### Problem to solve
Should pictures appear among the records, leave them out, and copy exactly only the lines from the first through the one with "公告显示,千味央厨拟向特定对", inclusive.
----- Recorded information -----
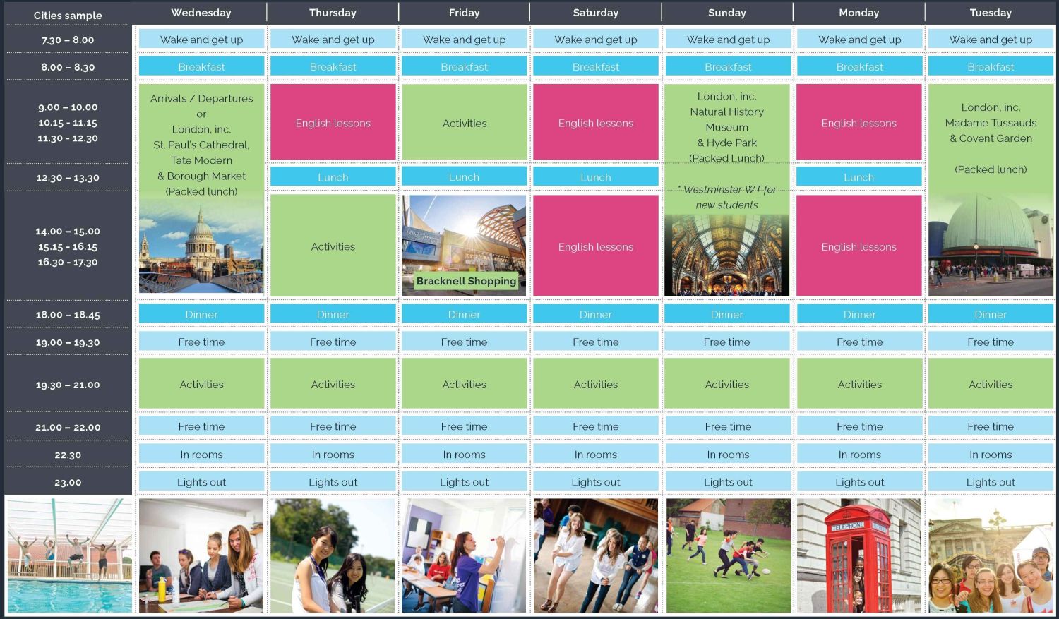 Exemple excursii: St. Paul's Cathedral, Tate Modern, Borough Market, Braknell Shopping, Natural History Museum, Madame Toussauds, Covent Garden etc.
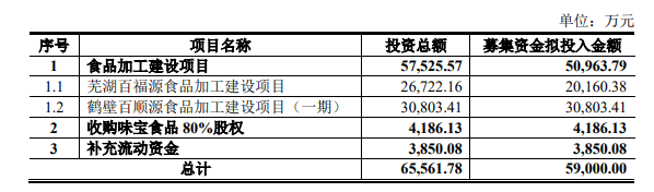 公告显示,千味央厨拟向特定对象发行股票募集资金总额不超过5.9亿元,所募资金拟用于食品加工建设项目(芜湖百福源食品加工建设项目、鹤壁百顺源食品加工建设项目(一期))、收购味宝食品80%股权、补充流动资金等。
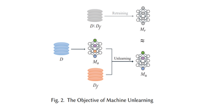 大量研究已经针对机器遗忘展开,现有技术主要分为两类:面向数据的遗忘和面向模型的遗忘【9】。面向数据的方法通过修改原始训练集来实现数据删除。例如,Bourtoule等人【10】提出了一种称为SISA的遗忘方法,该方法将训练集划分为几个不相交的子集,并独立训练每个子模型。通过重新训练子模型,可以有效地删除数据。面向模型的方法涉及操作原始模型,如参数,以实现遗忘。例如,Guo等人【11】提出的认证删除机制,旨在抵消被遗忘数据对模型的影响并更新模型参数。
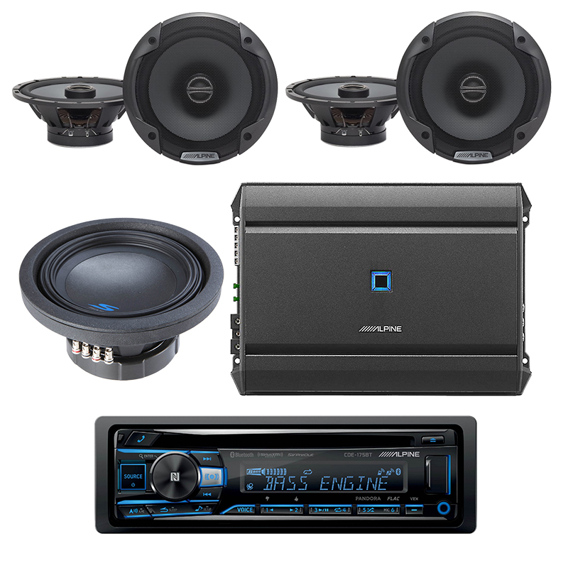 Alpine S-A55V + Alpine CDE-175BT + Two Alpine SPE-6000 + Alpine S-W8D4 Exclusive Bundle
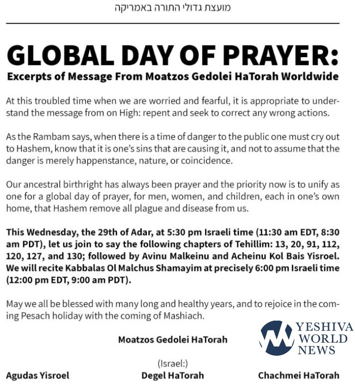 The Meotzos Gedolei Yisrael in Israel and the United States are calling for a rare shared call for tefillah on Wednesday, Erev Rosh Chodesh Nissan, for an international cry to Hakadosh Baruch Hu to end the coronavirus pandemic. The Kol Koreh was signed by the Moetzes Gedolei HaTorah of Agudas Yisroel of the United States, the Moetzes of Degel HaTorah, the Moetzes of the Agudah in Eretz Yisroel (Admorim), and the Moetzes Chachmei HaTorah (Shas).
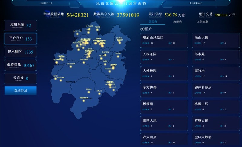 乐山市多个县(市、区)通过智胜慧旅“文旅行业云”搭建了乐山市文旅指挥调度中心和“一部手机游乐山”的全域文旅大数据公共服务平台,实现对全域多维度产业监测和行业监管,同时在境内国家4A级以上旅游景区初步实现市、县、景区三级联动指挥调度中心的智慧化管理、数据化共享。立足“全域”发展理念,乐山市通过“文旅行业云”完成了全市全域智慧文旅各业务管理系统间数据的共享和交换,并规范了数据资源的共享、交换和管理机制,实现异构应用之间的数据动态同步和交换,助力旅游景区当地区域经济发展提质。该案例于2021年被国家文旅部评为全国智慧旅游典型案例。
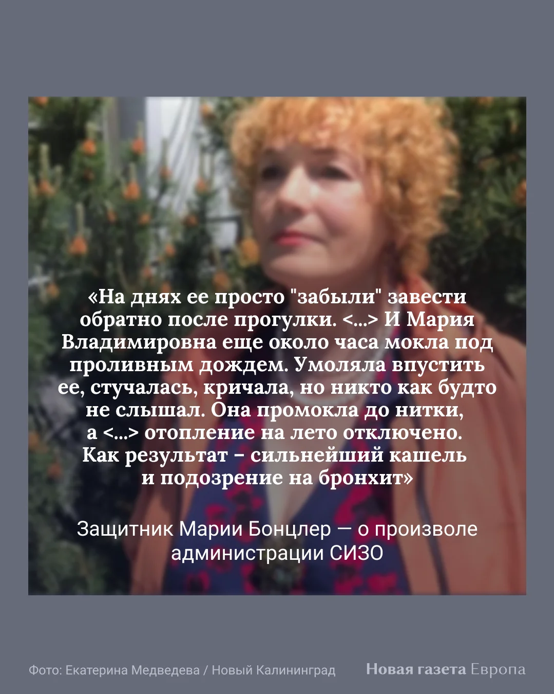 Мария Бонцлер — одна из немногих адвокатов в Калининграде, защищавшая политзаключенных, включая тяжело больного Игоря Барышникова, осужденного за «фейки об армии».
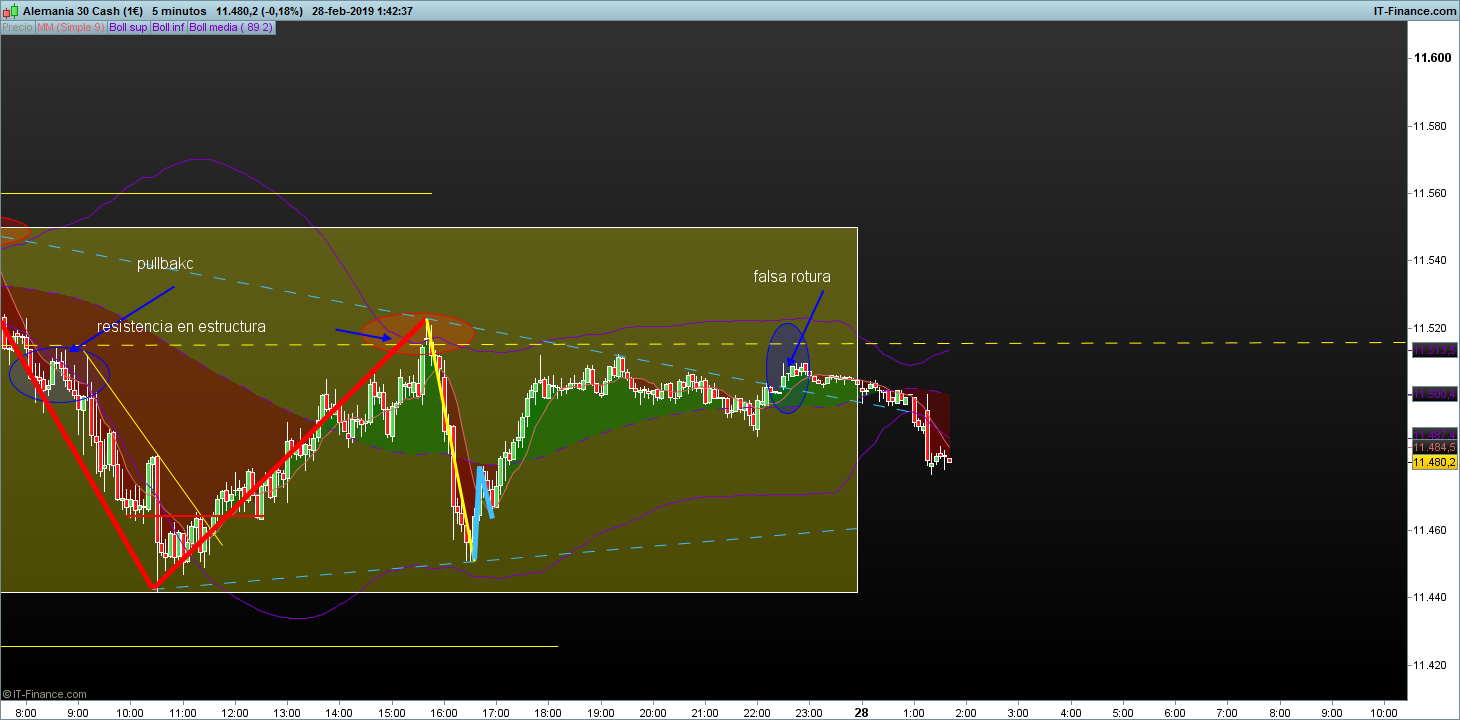 Acto seguido a las 8,30 marcan el pullbakc tras la rotura, ese patrón es muy fiable siempre que se den esas condiciones aunque sea contratendencia siempre que el mínimo de sesión anterior este distanciado lo suficiente para entrar en la operación porque si hay un soporte cercano no se entra que es lo que ocurría arriba ( resistencia en estructura cercana que no rompió y se giro)
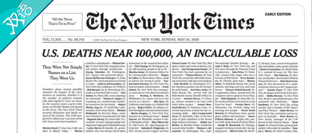 震撼!《纽约时报》用整个头版列出1000名死者信息:他们曾是我们
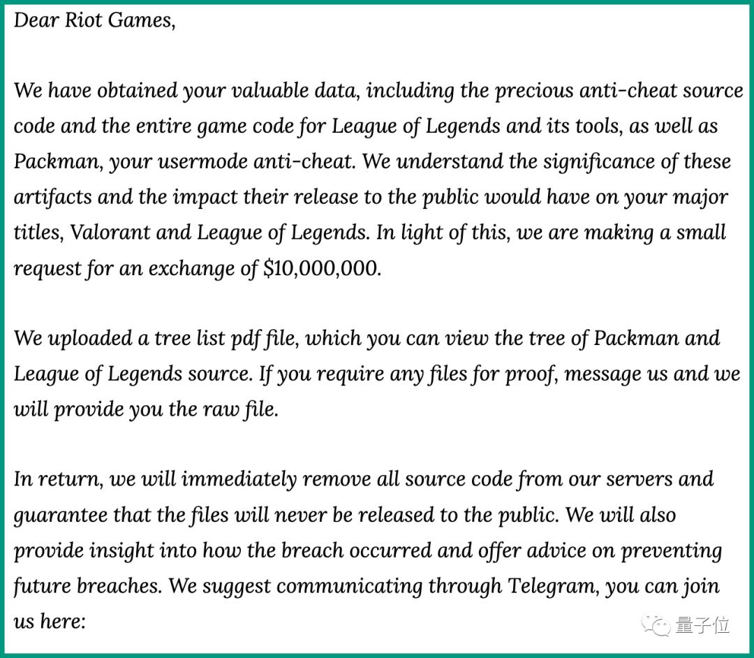 拳头也承认收到了一封勒索邮件,虽然官方没有公布这封邮件,但外媒Motherboard对信件内容做了爆料:
-----
### Answer to this exercise
 Exemple excursii: St. Paul's Cathedral, Tate Modern, Borough Market, Braknell Shopping, Natural History Museum, Madame Toussauds, Covent Garden etc.
 公告显示,千味央厨拟向特定对象发行股票募集资金总额不超过5.9亿元,所募资金拟用于食品加工建设项目(芜湖百福源食品加工建设项目、鹤壁百顺源食品加工建设项目(一期))、收购味宝食品80%股权、补充流动资金等。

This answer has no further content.